ElevenLabs provides two parameters that control how closely the synthesized voice matches the original sample:

Stability (0 to 1) — Higher values produce more consistent, predictable output. Lower values add variation and expressiveness. Start at 0.5 and adjust to taste.
Similarity boost (0 to 1) — Higher values match the original voice more closely. Lower values allow more creative variation. Start at 0.75.

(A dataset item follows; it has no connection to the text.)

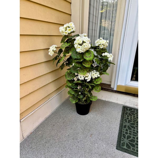 31 in Large White Artificial Geranium in 7 in Pot with Moss

const tts = new ElevenLabsTTS({
  proxyUrl: '/api/proxy/elevenlabs',
  voiceId: 'your-cloned-voice-id',
  stability: 0.3,          // More expressive
  similarityBoost: 0.9,    // Stay close to the original voice
});

Streaming protocol

ElevenLabsTTS uses the ElevenLabs stream-input protocol with BOS (Beginning of Stream) and EOS (End of Stream) messages. The SDK handles this automatically. For standalone use:

const tts = new ElevenLabsTTS({
  proxyUrl: '/api/proxy/elevenlabs',
  voiceId: '21m00Tcm4TlvDq8ikWAM',
});

await tts.initialize();
await tts.connect();       // Opens WebSocket, sends BOS with voice settings

tts.onAudio((chunk) => {
  // chunk.data contains PCM or MP3 audio
});

tts.sendText('Hello, ');
tts.sendText('world!');
await tts.finalize();      // Sends EOS, flushes remaining audio
await tts.disconnect();

Tips

Find voice IDs in the ElevenLabs Voice Library or via the list voices API endpoint.
Use eleven_turbo_v2_5 for the lowest latency. Use eleven_multilingual_v2 when you need non-English languages.
For telephony applications, use ulaw_8000 output format.
Lower stability values work well for conversational, expressive speech. Higher values suit narration and formal content.